A história tem muito a aprender com a sensibilidade literária capaz de transmitir vestígios do imaginário do tempo em que está inserida sua escrita, essa porta paralela entre a realidade e o imaginário é um caminho entre nossas duas metades (sapiens – demens). “É preciso considerar um livro, por mais medíocre que seja, não apenas um objeto, mas a própria transpiração do espírito dum homem” (MENDES, 1994, p.852). O poeta avisa que há mais de um homem em sua escrita nesse objeto que guarda a narrativa, há nessa tarefa de escrever suor e lágrimas, essa sensibilidade e mergulho torna o trabalho de escrever dignificado, transforma uma simples informação em componente do ser em sua profundidade.

Além da escrita em si, a sensibilidade, como já foi citada, é essencial para o desenvolvimento de qualquer pesquisa, é na caminhada que pressentimos o próximo passo, nas viagens pelos arquivos, sentindo a linguagem das manchetes tão distantes da nossa apesar dos curtos anos, nas entrevistas que tentam vasculhar uma lembrança que só diz o que escolheu guardar, a busca de outras vozes, os cheiros doa livros já riscados de tantas mãos que tiveram que fazer a mesma peregrinação em bibliotecas. É preciso certa maleabilidade e maciez das mãos para colar fragmentos nessa busca incessante de tentar ter flash de “como foi”, ao mesmo tempo é preciso ser frio, ter garras cortantes para delimitar e pôr um fim ao objeto, tentando dominá-lo a um tamanho mensurável.

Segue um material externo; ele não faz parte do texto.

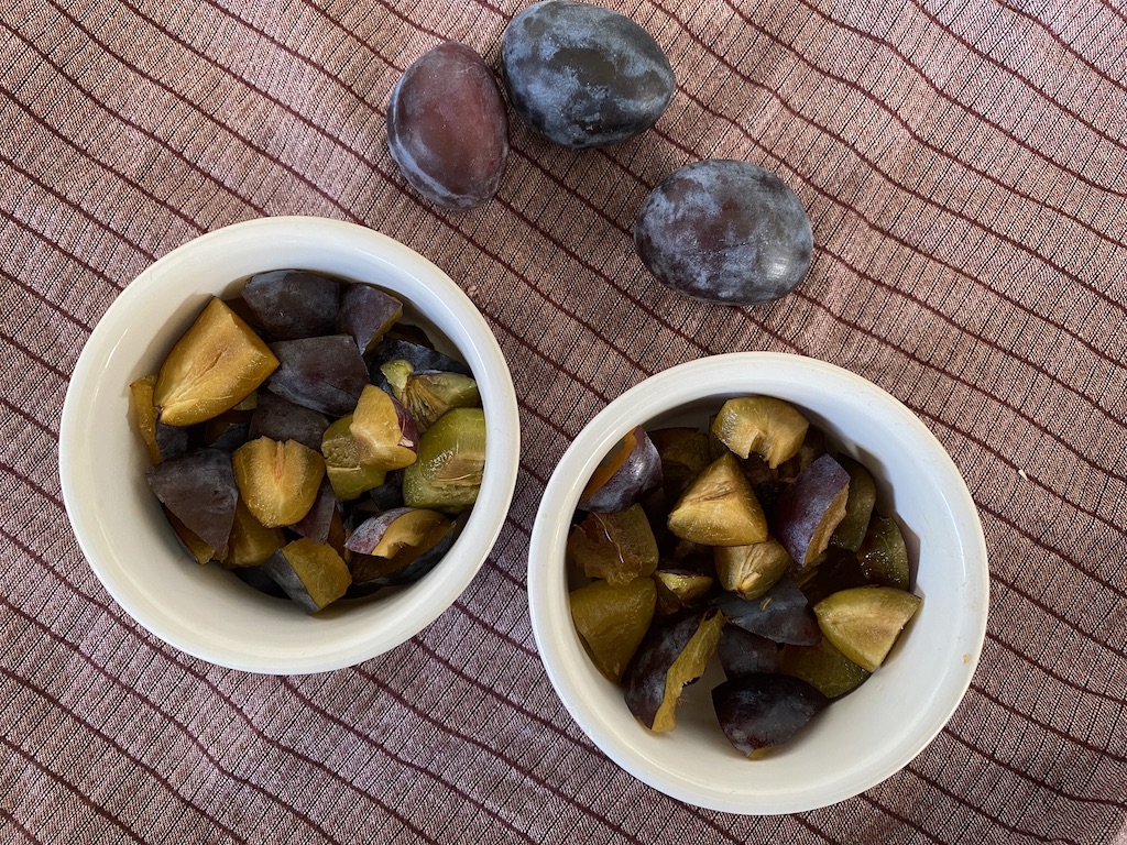 - Zwetschgen (oder anders Obst) waschen, abtrocknen, in kleine Stücke schneiden und in die Auflaufform geben. Das Förmchen sollte ungefähr zu 2/3 mit Obst gefüllt sein.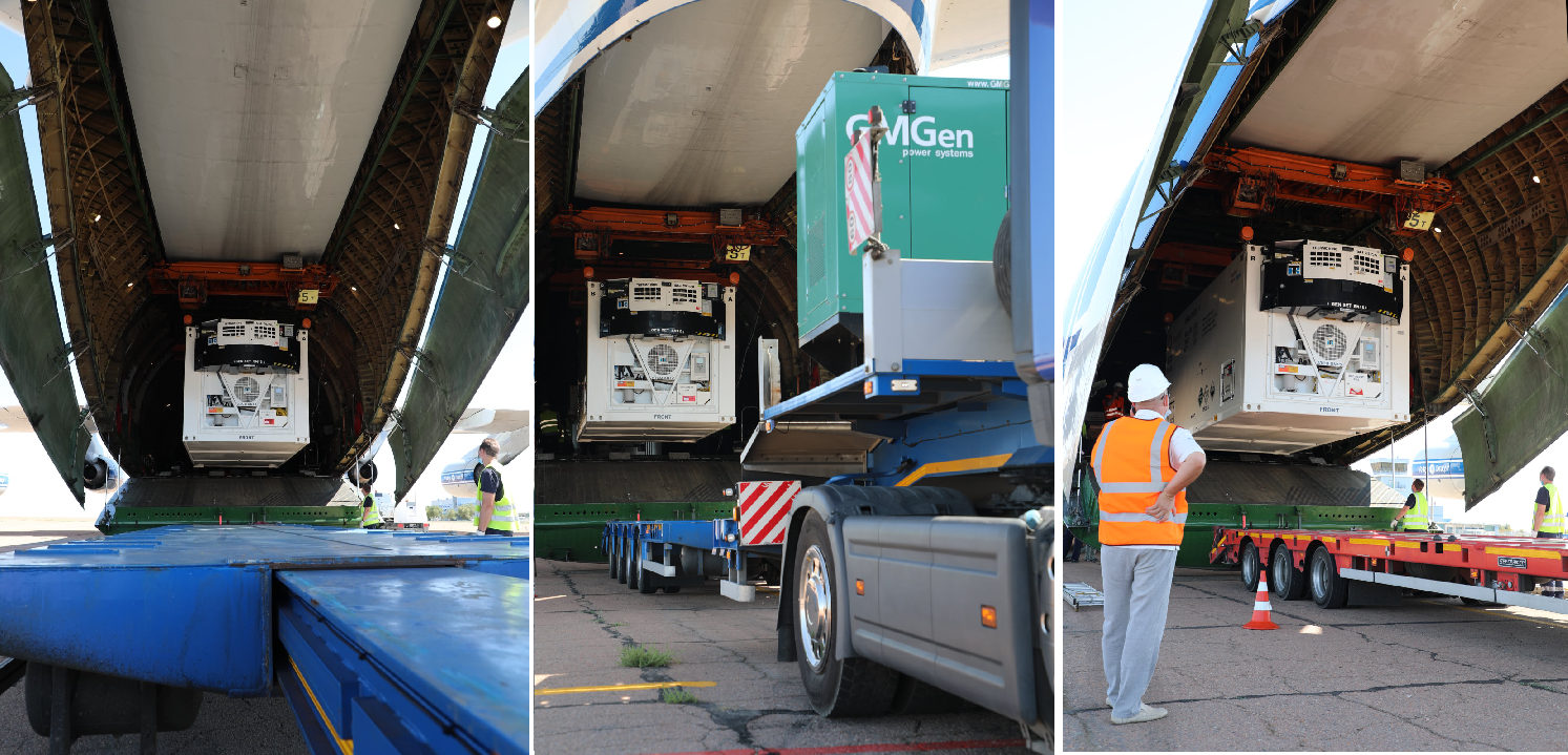 Mit dem gleichen Flug wurden bereits fünf IVL-Geräte, 2.000 Sätze PSA und notwendige Medikamente in ausreichender Menge geliefert.

É preciso, eu diria, muito preparo

emocional para essa aventura e a necessidade de achar paz no turbilhão de emoções sua e desse outro que é seu alvo.

A sensibilidade que é capaz de nos tocar nos livros de literatura é um caminho para tocar o leitor e convencê-lo do resultado de nossa pesquisa, como disse Durval Muniz Albuquerque (2007) é uma invenção do passado, costurando nosso percurso pela cidade, pelos papéis, pelos outros, para tentar dizer como os vestígios apareceram para mim, é preciso engrandecer o leitor e não matá-lo, é preciso envolvê-lo para que nossa pesquisa possa convencer que o percurso até aqui chegou o mais próximo possível do que pode ter sido.

[...] é preciso que as zonas de sombra, de escuridão, existentes na alma humana também sejam exorcizadas pela narrativa histórica, assim como pretende a Literatura, em sua grande medida, ao tentar captar o homem em seu devir, em sua busca incessante por humanidade. Cartografar estas nuances rizomáticas é escrever de forma que os sentimentos sejam vistos e escritos como possibilidades que se articulam pelo meio, pois é pelo meio que a vida ainda, ganha velocidade e potência (BRANDIM, 2009, p. 10).

Dessa maneira, a narrativa que se coloca próxima desse caminhar da pesquisa e que é capaz de trazer luz às zonas esquecidas, como a solidão, a tristeza, as incertezas, é capaz enfim de pôr vida nas suas entrelinhas. A história tem essa tarefa de olhar o humano nos acontecimentos, mapear os fatos incluindo suas peculiaridades, percebendo as rupturas, as emoções, indo também no que não é dito, nessas sombras que contornam a luz de determinados fatos, escolhas. Em busca de tornar a narrativa histórica sensível é possível nos inspirarmos na literatura e pôr mais humanidade na história.